Hungaryʼs external financing capacity exceeds €8 bln in Q1-Q3

September balance of payment data published by the National Bank of Hungary (MNB) on Monday suggest that, thanks to higher net EU fund utilization and a rising trade surplus, the countryʼs net external financing capacity surpassed €8 billion, a new high, in Q1-Q3.
The monthly figures offer the first look at Q3 and Q1-Q3 balance of payment developments until the MNB publishes the official first reading of Q3 figures on December 23.
The central bank reiterated that much of the monthly data are estimates.
The preliminary monthly current account figures add up to a Q3 surplus of €2.1 bln, which is nearly €1 bln up from a year earlier, and the largest quarterly c/a surplus since Hungary started running a surplus after the global economic and financial crisis. A rising surplus on the trade of goods and services provided an explanation for about half of the year-on-year increase.
Preliminary Q3 external financing capacity came to €3.2 bln, up nearly €1.1 bln year-on-year.
Net transfers from the EU added up to a preliminary €1.6 bln in July-September, as shown by the accrual-based figures which reflect the actual utilization of the funding. The net inflow rose more than €600 million from a year earlier but fell from the Q2 peak of €1.9 bln.
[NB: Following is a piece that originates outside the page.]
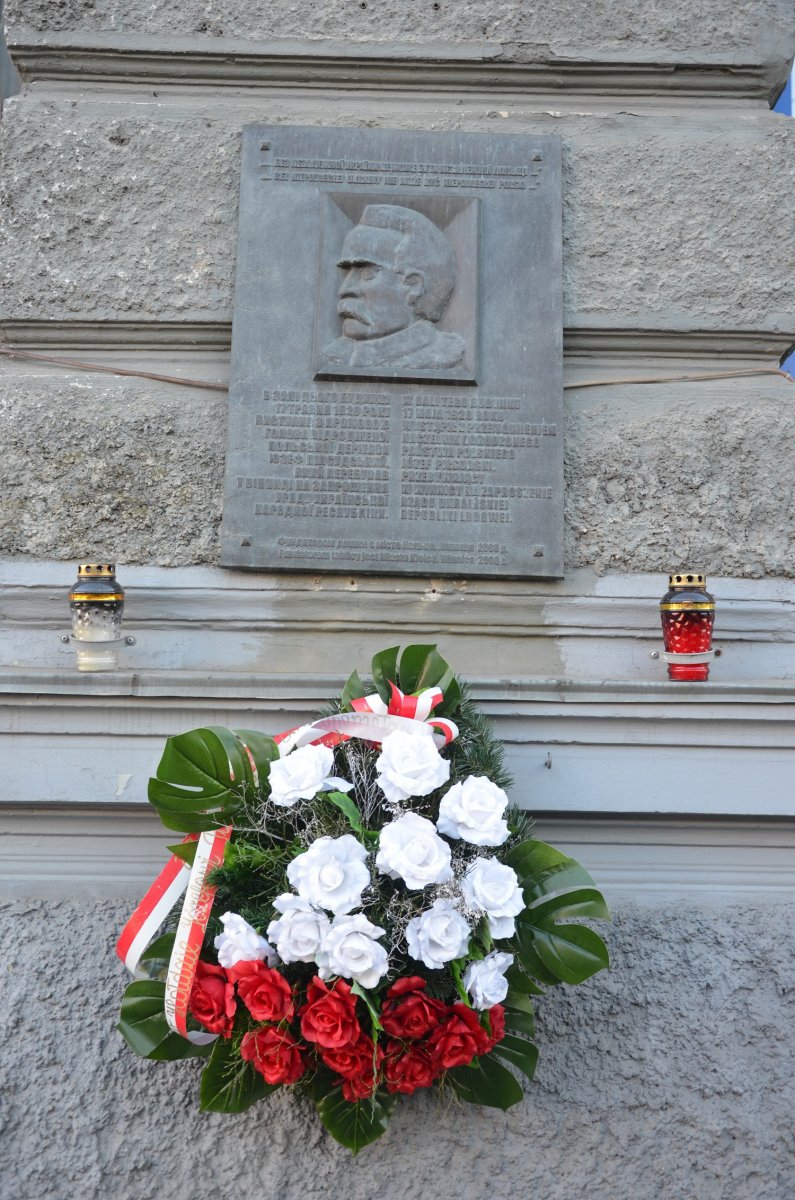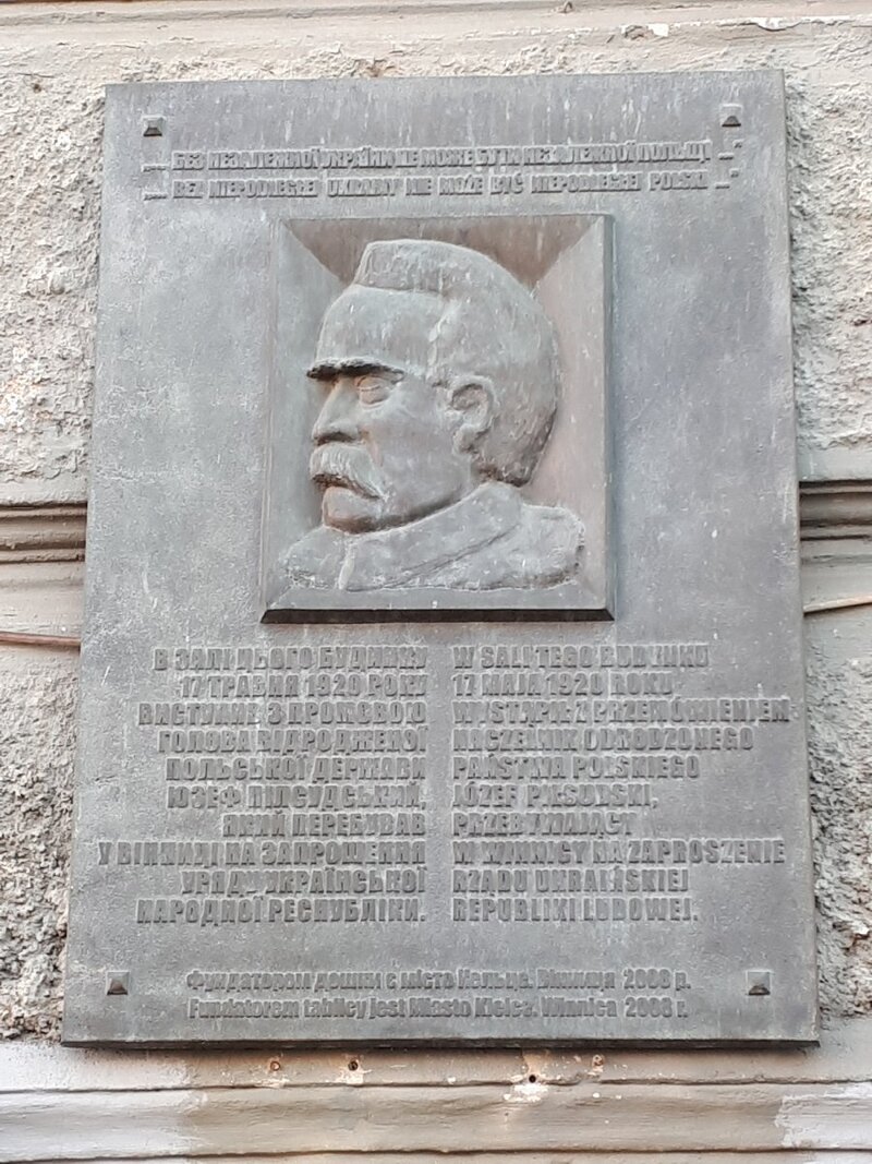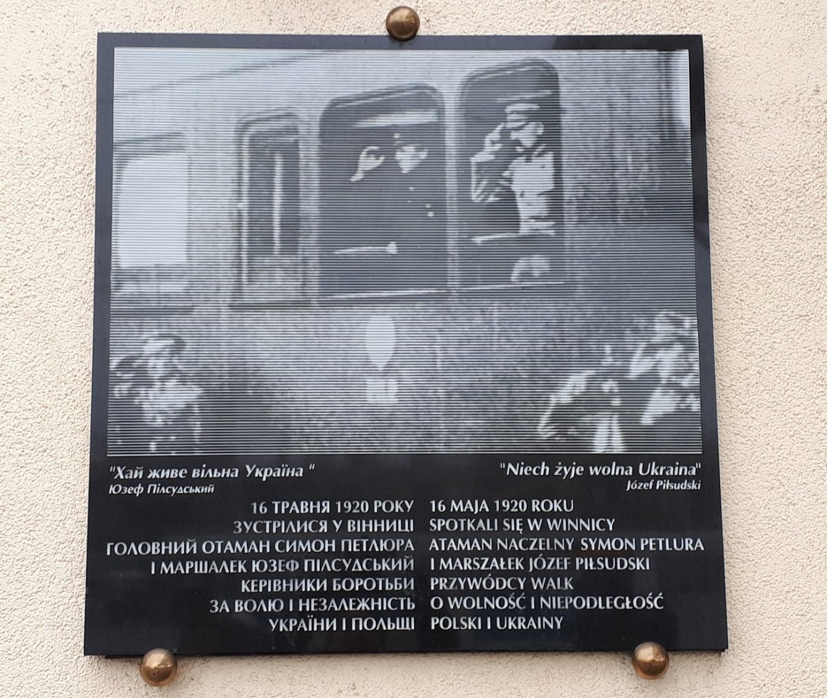The photos commemorate Józef Piłsudski's visit to Vinnitsiya in 1920, and the place of birth of Walery Sławek in the village of Strutynka near Niemyriv in Vinnytsia Oblast in Ukraine.

Within the total, quarterly capital transfers from the EU slowed to just over €1 bln in Q3 from over €1.4 bln in Q2, implying that the utilization of EU funds slowed before year-end, the deadline for the completion of projects that won EU funding in the 2007-2013 funding cycle.
The stateʼs gross receivables from the EU rose by a preliminary €1.2 bln in Q3, climbing on a suspension of disbursements of EU funds to Hungary, putting a high bridging burden on the countryʼs central budget. The gross state receivables, counted among other investments, rose by an already unusually high €419 mln in Q2. Brussels lifted the suspension late in September, and the receivables could have dropped by some €750 mln in October when the EU transferred about HUF 233 bln of the suspended funding.
The September figures imply that Q1-Q3 external financing capacity was slightly above €8 bln, doubling from a year earlier, and already exceeding the highest ever annual surplus, of €7.6 bln, reached in 2013.
Net EU fund utilization explained €4.9 bln of the Q1-Q3 external financing capacity surplus. It rose nearly €1.8 bln from the first three quarters of 2014. Another factor was the widening trade surplus which rose to a preliminary €7.7 bln in Q1-Q3 from HUF 6.1 bln in the same period last year.